Теперь напишу о семье отца. Мой дед Ефим (Хаим) Львович Гельфанд родился в семье еврейского мастера-краснодеревщика в городе Гомеле в 1910 году. Окончив школу, он приехал в Москву и окончил там театральное училище при Московском государственном еврейском театре. Его учителем был знаменитый В. Э. Мейерхольд. Деду посвящена статья в Википедии, о нем есть много информации в интернете, но я пишу со слов мамы. В двадцать лет Ефим влюбился в артистку кукольного театра Марию, они поженились, и у них родился мальчик, которого назвали Феликсом. Феликсу еще не было и года, когда Мария вдруг решила уехать и строить для себя новую жизнь. Ребеночка она оставила Ефиму, и он в двадцать один год стал отцом-одиночкой с годовалым сыном на руках.

В 1934 году, когда создавалась Еврейская автономная область, дед как энтузиаст ее создания переехал в Биробиджан. Там он работал актером, а впоследствии – главным режиссером Биробиджанского государственного еврейского театра. Спектакли шли на идиш и на русском языке. Также дед работал на радио диктором. Мама вспоминала, что каждое утро в Биробиджане начиналось с приветствия по радио на идиш: «Ахтунг, ахтунг, загт Биробиджан!» («Внимание, внимание, говорит Биробиджан!»). Через несколько лет дед женился на актрисе своего театра Клеопатре. Это была чудесная женщина, она подарила ему дочь Долорес и воспитала Феликса как родного сына.

Отец рос в творческой атмосфере – артисты жили как одна семья, в доме постоянно были гости, обсуждались проблемы театра, велись дискуссии. Близким другом деда был писатель Э. Г. Казакевич, который несколько лет работал директором Еврейского театра. Феликс был творческой натурой, вечерами пропадал в театре, много читал и, как губка, впитывал все, что звучало в застольных беседах. У него обнаружился талант художника, и после школы он решил поступать в Биробиджанское художественно-графическое училище. Там они и встретились с мамой по воле судьбы…

Отца призвали в армию, и он попал в морской флот (а тогда матросы служили пять лет, в отличие от простых солдат, которые служили три года). Он получил специальность электрика и служил на военном корабле, который бороздил морские просторы от

Балтийского моря до Охотского. Закончил службу в городе Советская Гавань на Дальнем Востоке и сразу же приехал к маме в Хабаровск. Все эти пять лет они вели непрерывную переписку, мама ни разу не посмотрела на другого мужчину, а вся жила письмами. Отцу, конечно, было легче: на военном корабле сильно не разгуляешься.
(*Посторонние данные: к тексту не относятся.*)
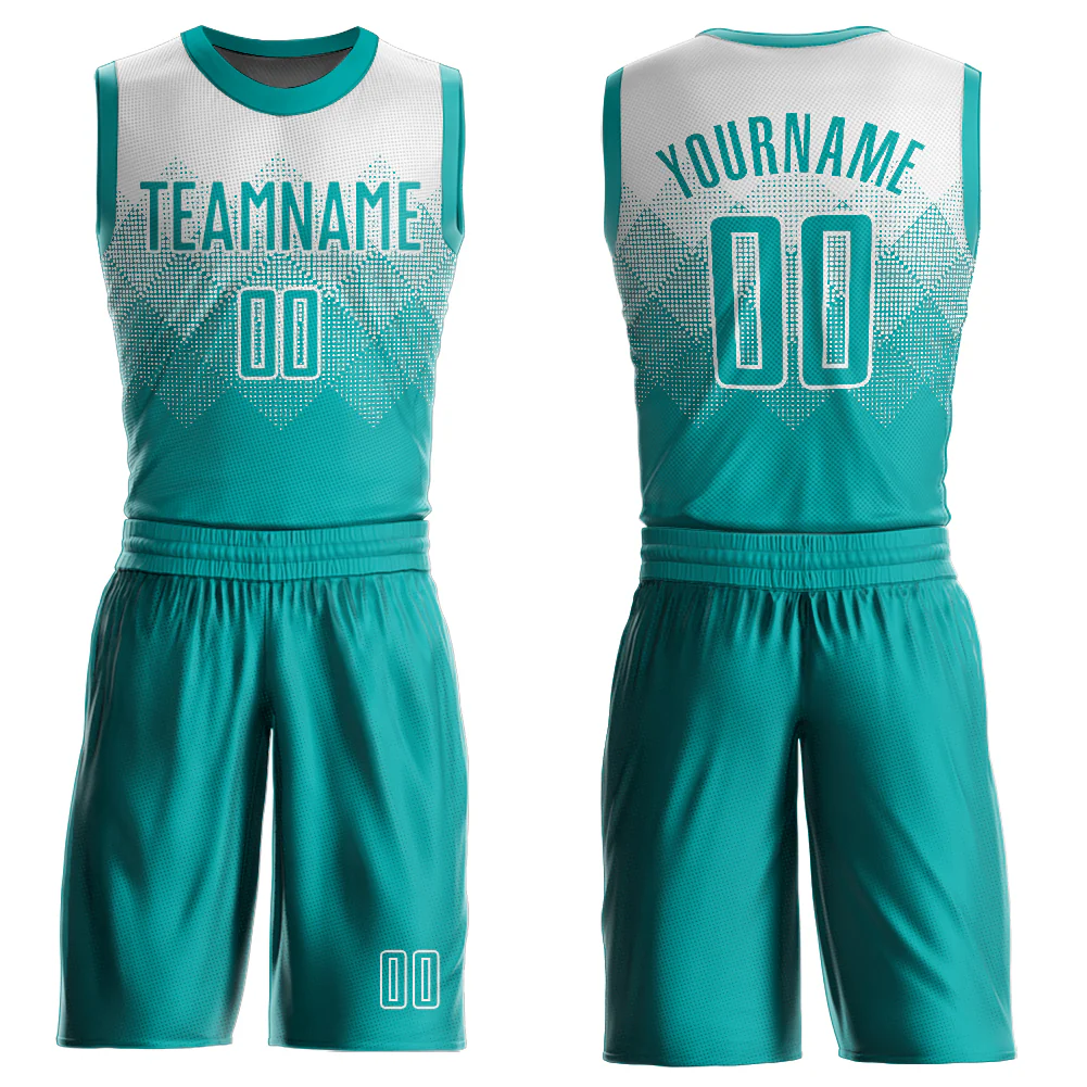 Custom White Aqua Round Neck Sublimation Basketball Suit Jersey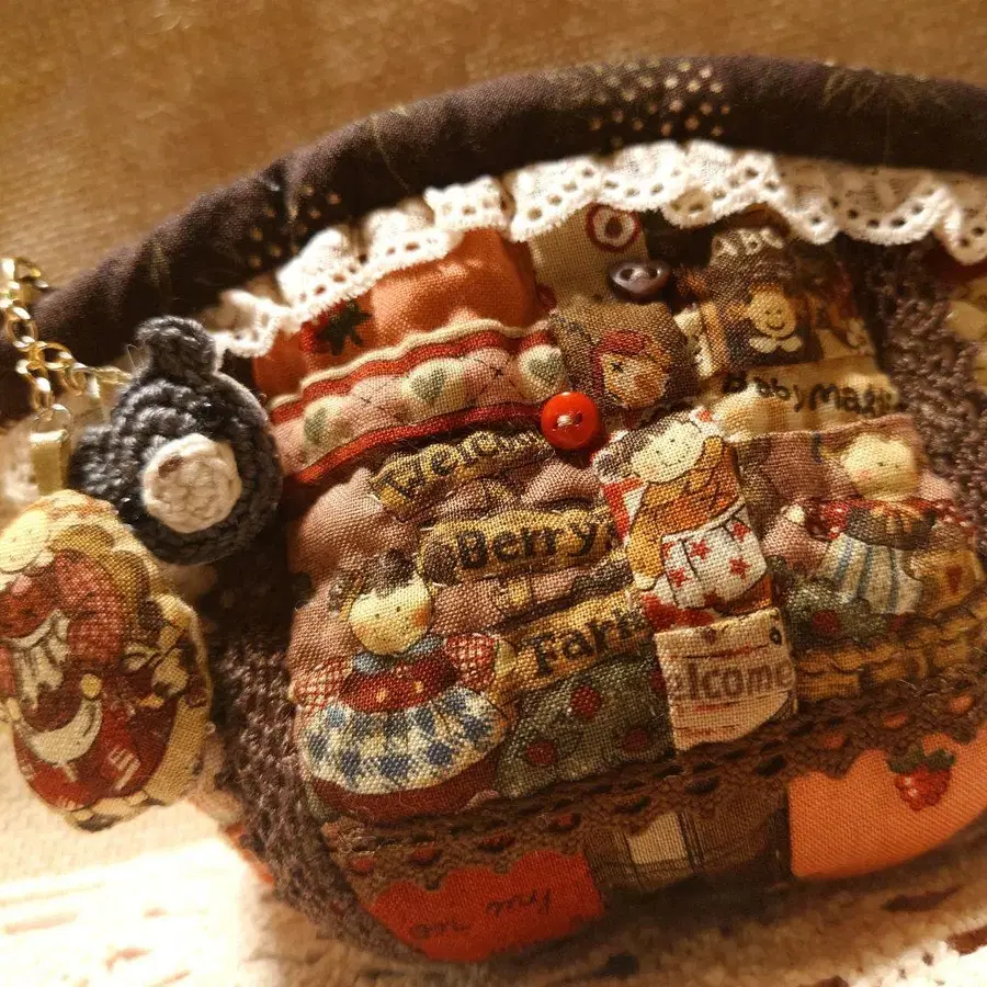 핸드메이드 동글 파우치 코코아 핑크 계열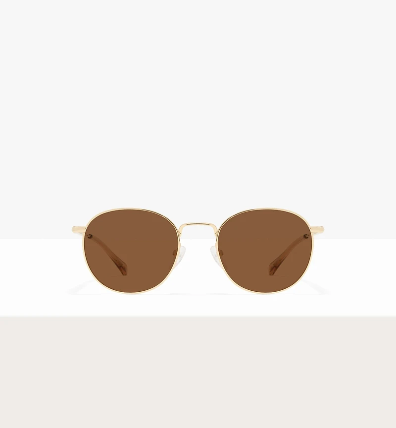 Delicate and retro. A fine, luminous round metal frame for a look defined by subtlety. Polarized lenses included without prescription.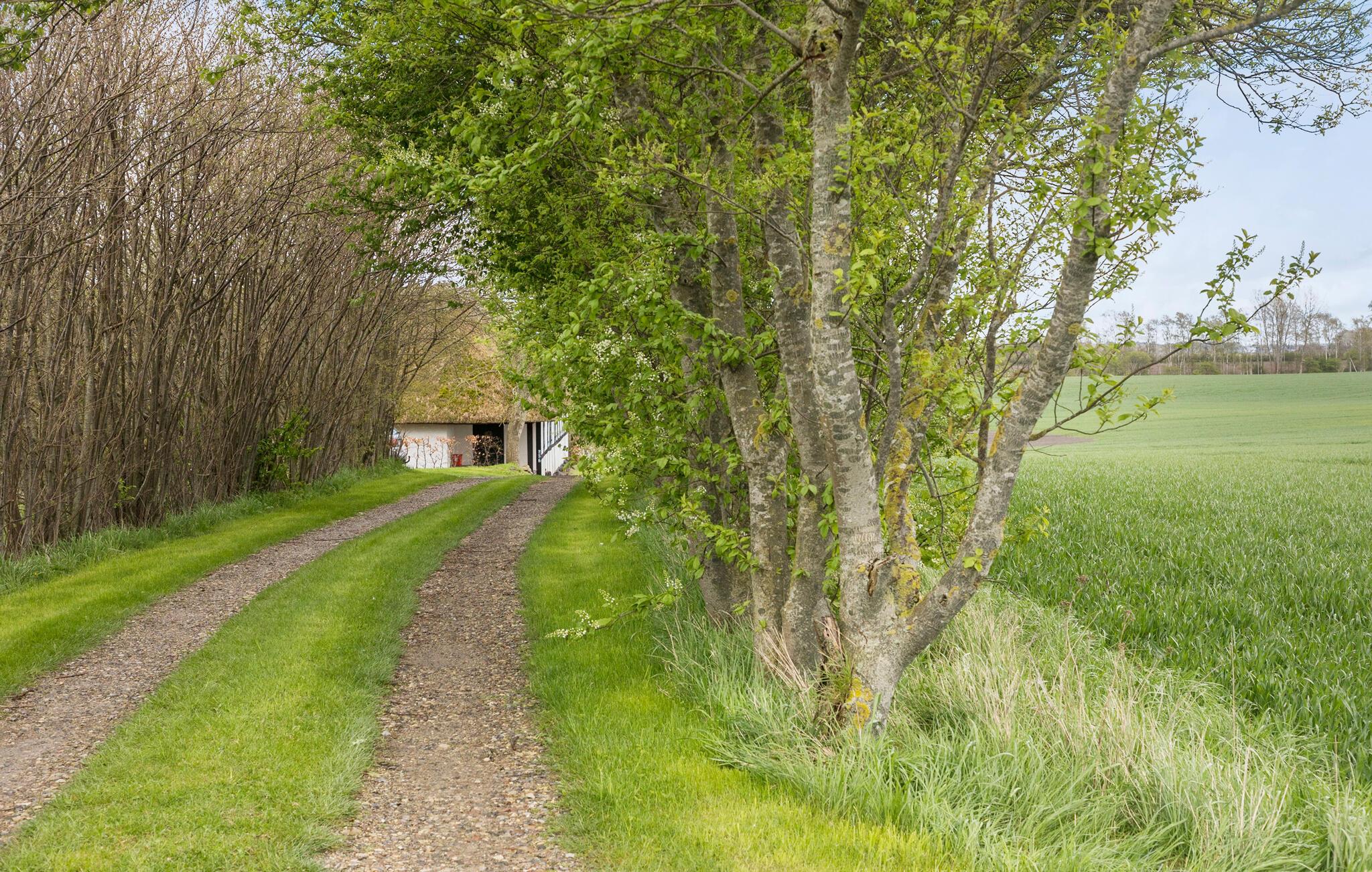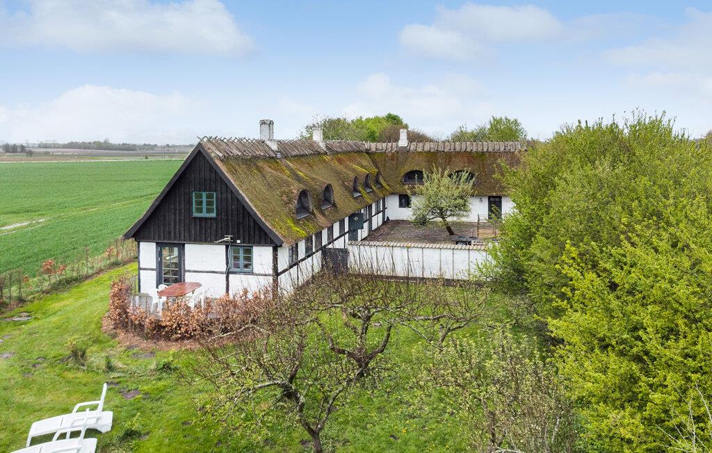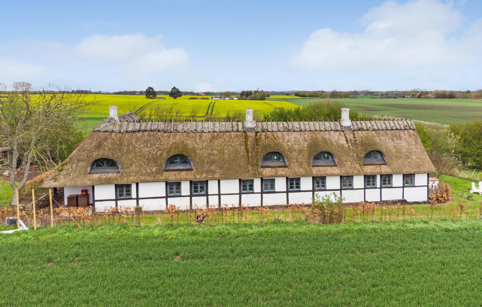 Stort landsted med stråtag og panoramaudsigt tæt på Skaverup Strand, ideelt til familieferie.

Тем временем мама закончила свое училище и вернулась в родительский дом. Она начала работать в школе учителем черчения и рисования. В работе мама не достигла высот – обнаружилось, что она совершенно не может поддерживать дисциплину на уроках. Черчение и рисование всегда считались несерьезными предметами, которые не влияют на профилирующие дисциплины. Дети шумели, смеялись, бегали по классу и всячески мешали учебному процессу. Мама сменила несколько школ и в конце концов остановилась на своей родной школе № 13, где училась несколько лет. Там еще работали учителя, помнившие ее девочкой, они ее любили и всегда ей помогали. Но с дисциплиной на уроках у мамы по-прежнему была напряженка. В ее классе учился сын будущего первого секретаря Хабаровского крайкома КПСС А.К. Черного. Это был хулиганистый парнишка, который постоянно безобразничал на уроках. Однажды он особенно расходился, и мама решила на него прикрикнуть. Так как этот Черный был натуральным блондином, она от волнения перепутала и крикнула: «Белый, перестань паясничать!». Весь класс просто лежал от смеха… Но выхода не было, и мама продолжала работать учителем.

Семейная жизнь

Когда отец наконец-то вернулся из армии, они с мамой немедленно решили пожениться. Но тут препятствием стала бабушка. Антисемитизма в нашей семье не было и в помине – в глухой сибирской деревне знать не знали о евреях и обо всем, что с ними было связано. Бабушка просто решительно объявила, что отец похож на цыгана и всю жизнь будет метаться с места на место, она не позволит дочери выходить за него замуж! Мама стояла насмерть и ушла из дома. Бабушка долго ничего не хотела о ней слышать, а когда я родилась, даже не пришла посмотреть, хотя жили они в получасе ходьбы друг от друга. Дед, тайком от жены, приходил к маме, сидел и плакал, жалея, что все так нехорошо получается. Наконец бабушка смилостивилась и пришла к маме. Откинула одеяльце, посмотрела на младенца и сказала: «Смотри-ка, беленькая получилась. Мне все говорили, а я не верила».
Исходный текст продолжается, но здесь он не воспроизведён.